┌────────

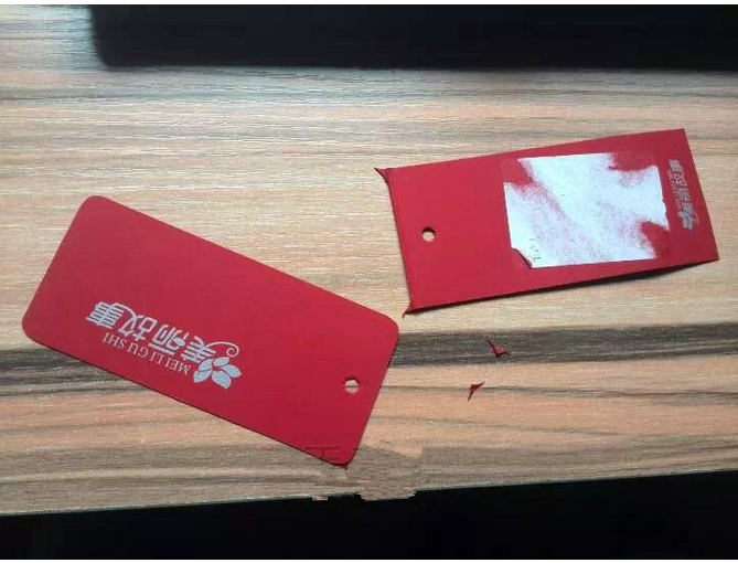 將吊牌上的繩子割開然后攤開吊牌,有些吊牌上面會(huì)貼有價(jià)格或其他的帖紙,即使將貼紙撕下來(lái)了也會(huì)留有一個(gè)印,那這邊的吊牌就不好利用了,果斷放棄,咱留一半就好。
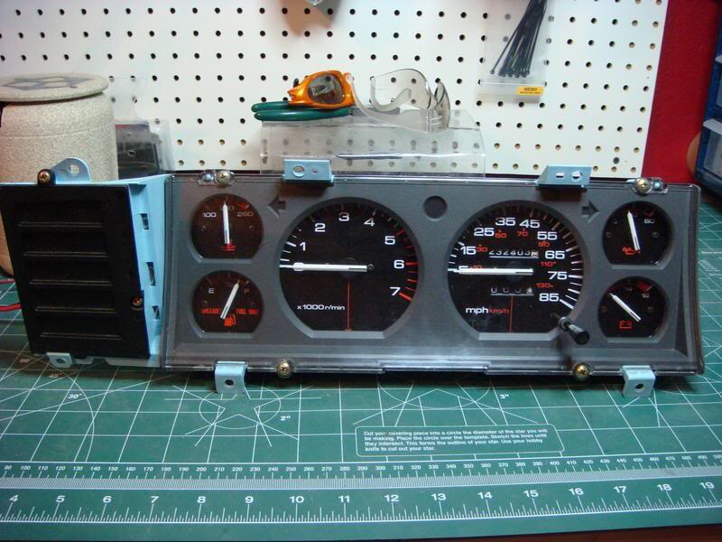 Seeing that this was the way it was installed, it gave me the opportunity to upgrade the whole instrument cluster to a full set of gauges. Now there are some different variations on these clusters. Base models are full dummy lights with only a speedometer and a fuel gauge. Mid-level sets have an oil pressure gauge, temperature gauge, charge gauge, fuel level gauge and speedometer. The full set has everything the mid-level comes with but also includes a tachometer.
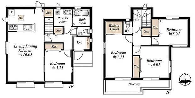 間取り内訳:リビングダイニングキッチン 16帖(1階)・洋室 5.2帖(1階)・洋室 7.1帖(2階)・洋室 6帖(2階)・洋室 5.2帖(2階)

└────────

▸ **Task goal**: The material should be returned verbatim, with all images omitted.

▸ **Answer space**:
 將吊牌上的繩子割開然后攤開吊牌,有些吊牌上面會(huì)貼有價(jià)格或其他的帖紙,即使將貼紙撕下來(lái)了也會(huì)留有一個(gè)印,那這邊的吊牌就不好利用了,果斷放棄,咱留一半就好。
 Seeing that this was the way it was installed, it gave me the opportunity to upgrade the whole instrument cluster to a full set of gauges. Now there are some different variations on these clusters. Base models are full dummy lights with only a speedometer and a fuel gauge. Mid-level sets have an oil pressure gauge, temperature gauge, charge gauge, fuel level gauge and speedometer. The full set has everything the mid-level comes with but also includes a tachometer.
 間取り内訳:リビングダイニングキッチン 16帖(1階)・洋室 5.2帖(1階)・洋室 7.1帖(2階)・洋室 6帖(2階)・洋室 5.2帖(2階)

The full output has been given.